Zero inflation: Calculating dropout rate

To check for zero-inflation, I did the following:

# dds is a DESeq2 object created from a salmon > tximeta > DESeq2 workflow

# filter genes with less than 5 counts in at least 10 samples
dds <- dds[rowSums(counts(dds) >= 5) >= 10,]

# check dimensions
dim(dds)
# ~16000 genes, 120 samples

## calculate dropout
# extract counts (as I could not set 0 values to NA in the DESeq object)
cts <- counts(dds)
# set 0 values to NA
cts[cts == 0] <- NA
# calculate per gene mean count (excluding zero counts) and the proportion of zeros
dropouts <- tibble(mean = rowMeans(cts, na.rm = T), 
       dropouts = rowSums(is.na(cts))/ncol(cts))

# quantile of dropouts
quantile(dropouts$dropouts, seq(0.1, 1, 0.1))
#        10%         20%         30%         40%         50%         60%         70% 
#0.008333333 0.075000000 0.183333333 0.300000000 0.416666667 0.533333333 0.650000000 
#        80%         90%        100% 
#0.750000000 0.841666667 0.916666667 

# plot mean vs dropouts
dropouts %>%
  ggplot(aes(x = log10(mean), 
             y = dropouts)) +
  geom_point(alpha = 0.1)

mean_vs_dropout_ulinput

For comparison, below is the same plot for another dataset in which I used Smart-Seq2 with a larger input amount of RNA of the same type of samples:

mean_vs_dropout_ss2

I then went on to look at the dispersion estimates.

Dispersion

# calculate size factors and dispersion
dds <- estimateSizeFactors(dds, "poscounts")
dds <- estimateDispersions(dds, fitType = "local")

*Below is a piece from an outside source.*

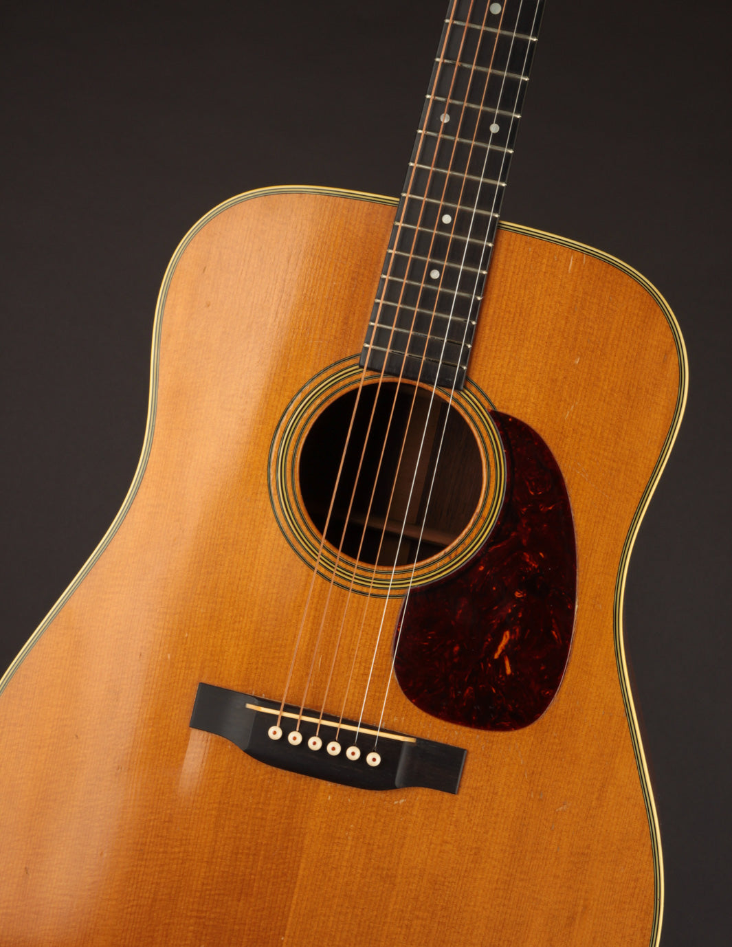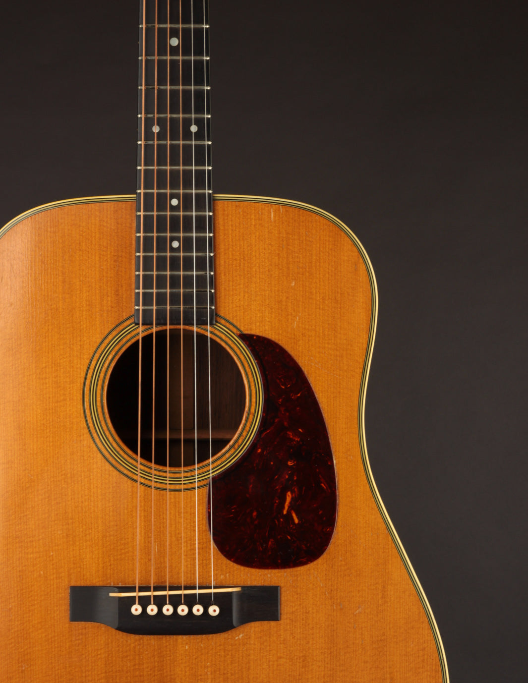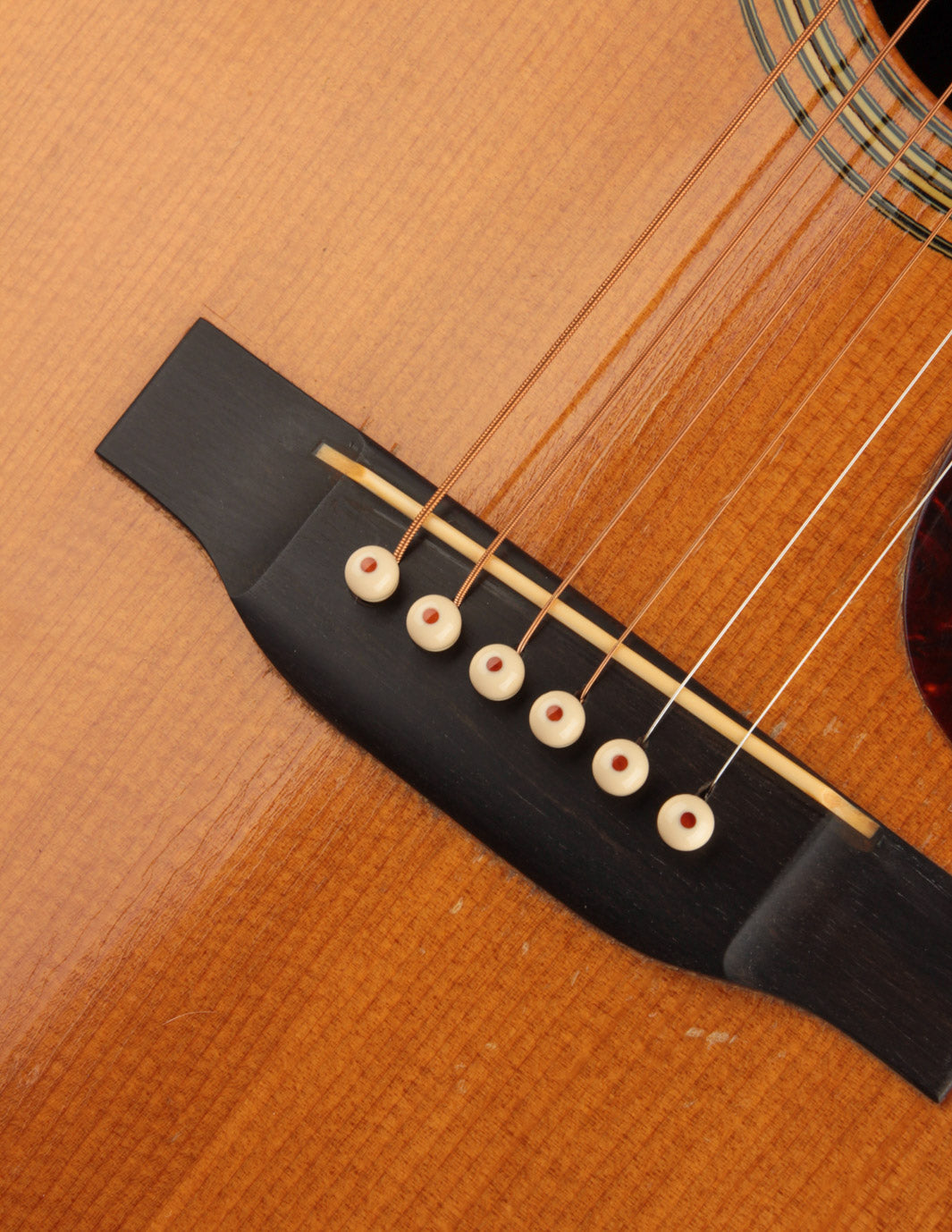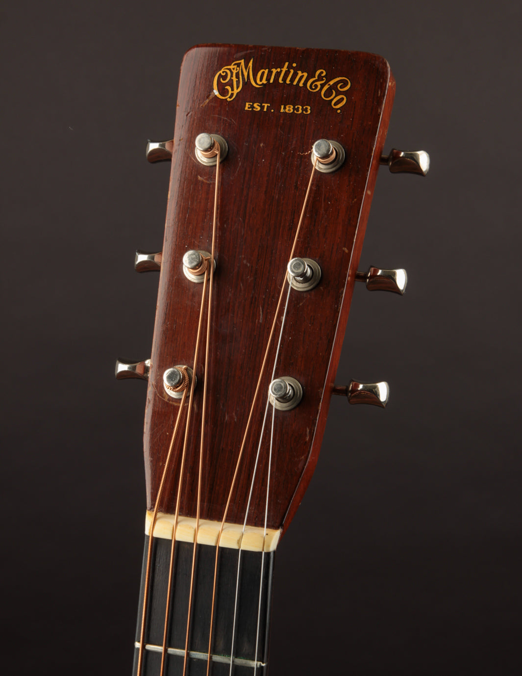 The bridge, as mentioned above, is not original; we had it expertly re-contoured, adjusted the saddle angle and, more importantly shifted the saddle forward to optimize intonation. Interesting thing about old Martins, not everything was perfect back then. The fact that this guitar was played for 70 years without anyone ever complaining about how out-of-tune it was up the neck is astounding (Snark tuners are the devil!). The saddle height is low, and, in conjunction with the guitar's mellow neck set, poses no structural concerns. New frets have also been installed, and the guitar plays beautifully up and down the neck. The action currently measures 3/32", bass side, and 2/32", treble side, under tension of medium gauge strings.

# plot dispersion estimates
plotDispEsts(dds)

dispests_ulinput

My interpretation of this plot is that the dispersion of lower count genes (<1000 counts) is large; large enough to weaken my ability to detect differentially expressed genes within this count range. Is this correct?

PCA

I performed principal components analysis to look at how the samples differ. I used the top 1000 most variable genes. I expected 1 major technical and 1 major biological sample covariate to cause separation and this was confirmed. There is a large drop in variance explained by subsequent PC's, although they may represent variation due to other biological conditions tested (not shown).

# subsetting 1000 most variable genes
vars <- counts(dds) %>% rowVars
names(vars) <- rownames(dds)
vars <- sort(vars, decreasing = TRUE)
zidds <- dds[names(vars)[1:1000],]

# recalculate size factors and dispersion - is this necessary?
zidds <- estimateSizeFactors(zidds, "poscounts")
zidds <- estimateDispersions(zidds, fitType = "local")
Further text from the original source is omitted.